Use Databricks Notebook to convert CSV to Parquet
In the notebook that you previously created, add a new cell, and paste the following code into that cell.
# Use the previously established DBFS mount point to read the data.
# create a data frame to read data.
flightDF = spark.read.format('csv').options(
header='true', inferschema='true').load("/mnt/flightdata/*.csv")
# read the airline csv file and write the output to parquet format for easy query.
flightDF.write.mode("append").parquet("/mnt/flightdata/parquet/flights")
print("Done")
Explore data
In a new cell, paste the following code to get a list of CSV files uploaded via AzCopy.
import os.path
import IPython
from pyspark.sql import SQLContext
display(dbutils.fs.ls("/mnt/flightdata"))
To create a new file and list files in the parquet/flights folder, run this script:
dbutils.fs.put("/mnt/flightdata/1.txt", "Hello, World!", True)
dbutils.fs.ls("/mnt/flightdata/parquet/flights")
With these code samples, you have explored the hierarchical nature of HDFS using data stored in a storage account with Data Lake Storage Gen2 enabled.
Query the data
Next, you can begin to query the data you uploaded into your storage account.
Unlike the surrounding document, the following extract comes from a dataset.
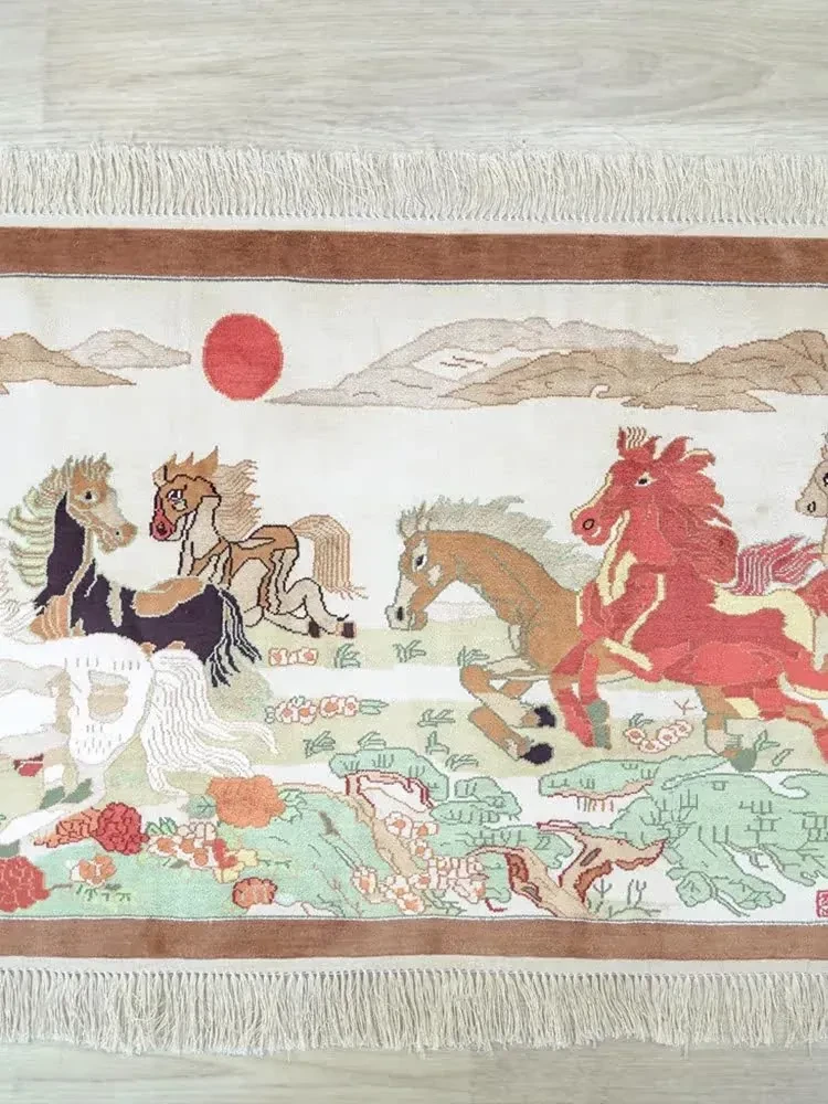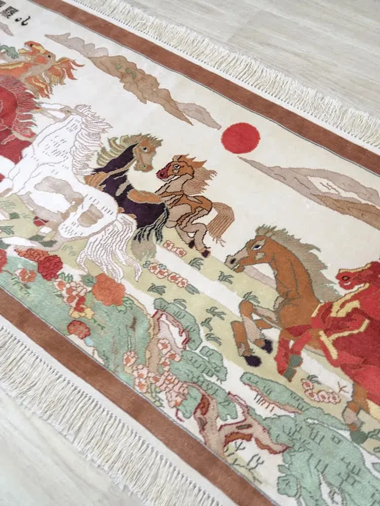 天匠手作カーペット 60x120cm 八騎士の図柄 ヴィラのリビングや寝室にぴったりのタペストリー!おしゃれで高級感溢れるデザインで、居住空間を一層魅力的に演出します。

Enter each of the following code blocks into Cmd 1 and press Cmd + Enter to run the Python script.
To create data frames for your data sources, run the following script:
- Replace the
<csv-folder-path>
placeholder value with the path to the .csv file.
# Copy this into a Cmd cell in your notebook.
acDF = spark.read.format('csv').options(
header='true', inferschema='true').load("/mnt/flightdata/On_Time.csv")
acDF.write.parquet('/mnt/flightdata/parquet/airlinecodes')
# read the existing parquet file for the flights database that was created earlier
flightDF = spark.read.format('parquet').options(
header='true', inferschema='true').load("/mnt/flightdata/parquet/flights")
# print the schema of the dataframes
acDF.printSchema()
flightDF.printSchema()
# print the flight database size
print("Number of flights in the database: ", flightDF.count())
# show the first 20 rows (20 is the default)
# to show the first n rows, run: df.show(n)
acDF.show(100, False)
flightDF.show(20, False)
# Display to run visualizations
# preferably run this in a separate cmd cell
display(flightDF)
Enter this script to run some basic analysis queries against the data.
# Run each of these queries, preferably in a separate cmd cell for separate analysis
# create a temporary sql view for querying flight information
FlightTable = spark.read.parquet('/mnt/flightdata/parquet/flights')
FlightTable.createOrReplaceTempView('FlightTable')
# create a temporary sql view for querying airline code information
AirlineCodes = spark.read.parquet('/mnt/flightdata/parquet/airlinecodes')
AirlineCodes.createOrReplaceTempView('AirlineCodes')
# using spark sql, query the parquet file to return total flights in January and February 2016
out1 = spark.sql("SELECT * FROM FlightTable WHERE Month=1 and Year= 2016")
NumJan2016Flights = out1.count()
out2 = spark.sql("SELECT * FROM FlightTable WHERE Month=2 and Year= 2016")
NumFeb2016Flights = out2.count()
print("Jan 2016: ", NumJan2016Flights, " Feb 2016: ", NumFeb2016Flights)
Total = NumJan2016Flights+NumFeb2016Flights
print("Total flights combined: ", Total)
# List out all the airports in Texas
out = spark.sql(
"SELECT distinct(OriginCityName) FROM FlightTable where OriginStateName = 'Texas'")
print('Airports in Texas: ', out.show(100))
# find all airlines that fly from Texas
out1 = spark.sql(
"SELECT distinct(Reporting_Airline) FROM FlightTable WHERE OriginStateName='Texas'")
print('Airlines that fly to/from Texas: ', out1.show(100, False))
Clean up resources
When they're no longer needed, delete the resource group and all related resources. To do so, select the resource group for the storage account and select Delete.